At just 24 years old, Bella Thorne is hoping to dominate the marijuana industry.
The Disney star turned entrepreneur is unapologetic about her love of weed and its health benefits in her latest interview with Cannabis Now magazine, where she goes into detail about how smoking pot from an early age changed her life for the better, and why she decided to start her own marijuana company.
“My body was kind of rejecting me at this time in my life,” Thorne said of dealing with anxiety in her teenage years. “And with anxiety not being really talked about … you know, that wasn’t something we ever talked about in my family. So, having none of these answers and feeling completely hopeless, weed helped me so much with that. It completely changed my life. I was coming to this point where doctors were putting me on pills, and I was so young.”
The actress explained that she was prescribed Adderall to offset her anxiety, which “obviously didn’t help,” she said.
That’s when her older brother suggested she try dabbing cannabis concentrates — which refers to the process of inhaling vapors from a concentrated form of marijuana made by an extraction method that uses butane gas.
“‘Oh, this is going to help her really sleep,’” Thorne said, recounting what her brother said at the time. “It was hardcore! At the time I was like, ‘I’m never smoking weed again after this.’”
These days, the actress says pot benefits her life tremendously, and that while she at first had some minor pushback from her parents when she began to smoke regularly in her late teens, they’ve since come around since. (Pushback could be warranted, based on the age of the smoker, as studies have found that smoking marijuana in adolescence can dramatically alter brain maturation, possibly raise the risk of developing a psychiatric disorder and sometimes actually increase feelings of anxiety.)
“She has really seen how much weed helps my anxiety,” Thorne said of her mom. “[She] has seen me where the symptoms really start to come on, I get upset and my breath gets really tight. She sees me smoking weed, sees what a capable human I am, and she gets it.”

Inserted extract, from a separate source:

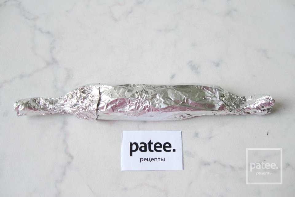 Завернуть сливочное масло с петрушкой в фольгу в виде цилиндра и отправить в морозильную камеру на 20 минут.

Thorne went a step further in 2019, starting her own weed company, Forbidden Flowers, through which she works with other California-based growers in an attempt to rebrand marijuana from an illicit drug to a source of self-empowerment.
“I was smoking weed when that was taboo,” she said. “I started a weed company when that was taboo; so, you know, people in the public are like, ‘Oh my god, this girl must be out here being crazy. She must be partying every night and…’ I don’t even know what they think! There are just a lot of crazy assumptions about me out there.”
Now, she explained, “People are like, ‘Oh, [Forbidden Flowers] is an actual business.’”
“Whatever they think a stoner is like, it’s not the best person in their opinion,” she added. “They don’t think highly of it. But now they do. Now people say, ‘OK, she’s really a businesswoman. And this thing that I used to think was a dirty thing has built her a piece of her going-to-be empire.’ So, I think that really resonates. Cannabis becomes more acceptable. Some people may still frown on it, but if they realize it’s just a job, then it becomes OK.”
Thorne has been quite open about her struggle with anxiety, and has held her own in the face of critics such as Bill Maher, who in March tried to question her lived experience.
On Maher’s new podcast series Club Random, the duo discussed Forbidden Flowers, during which she shared that her inspiration behind creating the line came from how cannabis use helped her with her severe stomach issues and “crippling anxiety.”
“I find this to be a disingenuous argument because your generation doesn’t know what’s going on in the world,” he said. “So how can you be that f***ing concerned about what’s going on in the world? I know what’s going on in the world, I should have the anxiety. I follow it. You kids don’t follow it. You don’t know what the f*** is going on in the world. What are you upset about?”
Thorne eloquently pushed back, explaining to Maher that individual trauma is unique to each person.
“Everyone really has their trauma. What’s happening in Ukraine is unspeakable — that is something else,” the former Disney Channel star said. “But as far as trauma for every human being, I lost my dad when I was 8. I was molested growing up.”